Nutt is particularly keen to highlight what he describes as "aberrations" in the current UK government classification of certain drugs, with relatively safe ones such as Ecstasy and cannabis ranked as unjustifiably dangerous and relatively dangerous ones such as alcohol not classified at all.

"At some point, we will put together an assessment of drug harms which will challenge some of the aberrations," says Nutt.

The third project will focus on ketamine, also known as "special K", a drug that is rising in recreational usage. Val Curran of University College London, who will head the study, says that ketamine is already "showing a clear profile of addiction".

In heavy users, it is also causing such serious bladder damage that some have had to have their bladders surgically removed. Two users died drowning in the bath, she says.

The birth of the new committee does raise some interesting questions. First: can it be trusted to be truly impartial? Does it represent a true consensus, and where does it get its funding from?

Equally, where does it leave the ACMD? Some founder members of the new committee are also on the ACMD.

Nutt did turn slightly prickly when asked by a reporter whether his committee would admit "dissident" scientists whose views clash with those prevailing among the founder members. Some scientists, for example, say there's evidence that Ecstasy and cannabis are more dangerous than portrayed by Nutt and other scientists.

In response, Nutt said that, "if the science is good enough, there should be no reason why people shouldn't join us".

And who is funding it all? Not the head of a Colombian drugs cartel, we hope. It turns out to be a wealthy benefactor, Toby Jackson, who is a hedge-fund manager.

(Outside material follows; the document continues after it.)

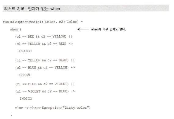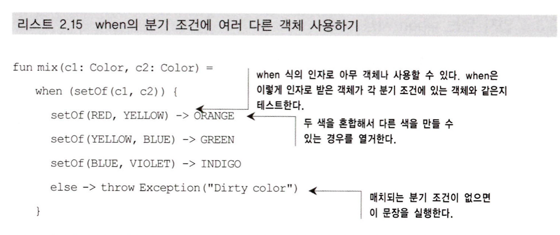 - when 의 분기 조건은 임의의 객체를 허용(java 의 switch 는 분기 조건에 상수만을 사용할 수 있음) -> 코드의 간결성 up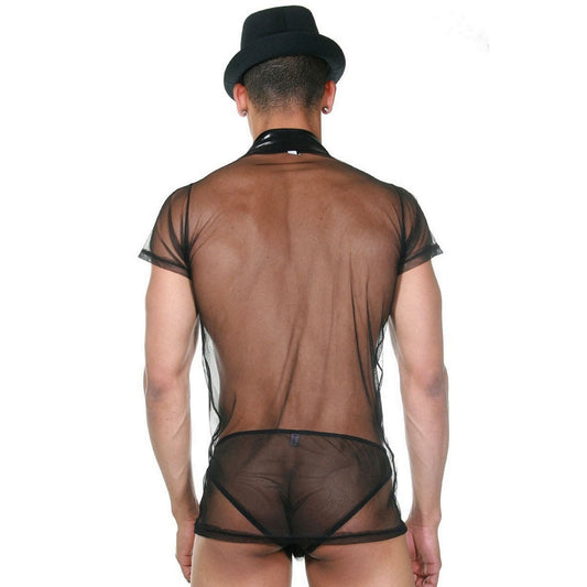 LGBTQ Pride Costume Gay Lingerie - Sexy Transparent Tulle Short Sleeve Sheer Shirt Panties Set for Men - See Through Gift for Him

"He wants policy driven by scientific evidence," says Nutt. Nutt says that funding is assured for at least three years, costing around £150,000 per year, but the hope is that other sources of funding and public donations will swell the kitty and consolidate the committee.

Another possible source of money could be projects commissioned by the government.

And where does it leave the ACMD? Nutt says that the new chairman, Les Iversen of the University of Oxford, has already sent Nutt his best wishes for the new committee, expressing the hope they can "work together".

But the arrival of the new committee is clearly and deliberately a middle-finger salute to a government seen by Nutt and others as unwilling to grant true independence to its scientific advisers.

Stung by the criticism that advisers could be hired and fired on the whims of ministers, the science minister Lord Drayson last month issued new principles setting out the ground rules for ensuring independence of advice.

But Nutt today described these as "so watered-down" that they made the situation worse than before he was sacked.

The big worry now, of course, is that the public can never again be sure when the ACMD - or any other of its independent scientific advisory committees - is being leant on to produce advice in keeping with government policy. "The ACMD is now working in conditions that fetter them even more," says Nutt.

More broadly, the creation of the committee could set up a whole new paradigm for providing scientific advice without the burden of political interference. Why stop at recreational drugs? Why don't top scientists set up committees to give the unshackled "truth" on climate change, abortion, evolution, nutrition, food and health, nuclear power and so on.

The difficulty, of course, is that such groups could turn out to be self-selecting, choosing among their number only those who are "on-message". But that may be the lesser of two evils compared with government interference.

"It's a very interesting model, with bottom-up scientists coming together to give politically-free independent advice," says Nutt.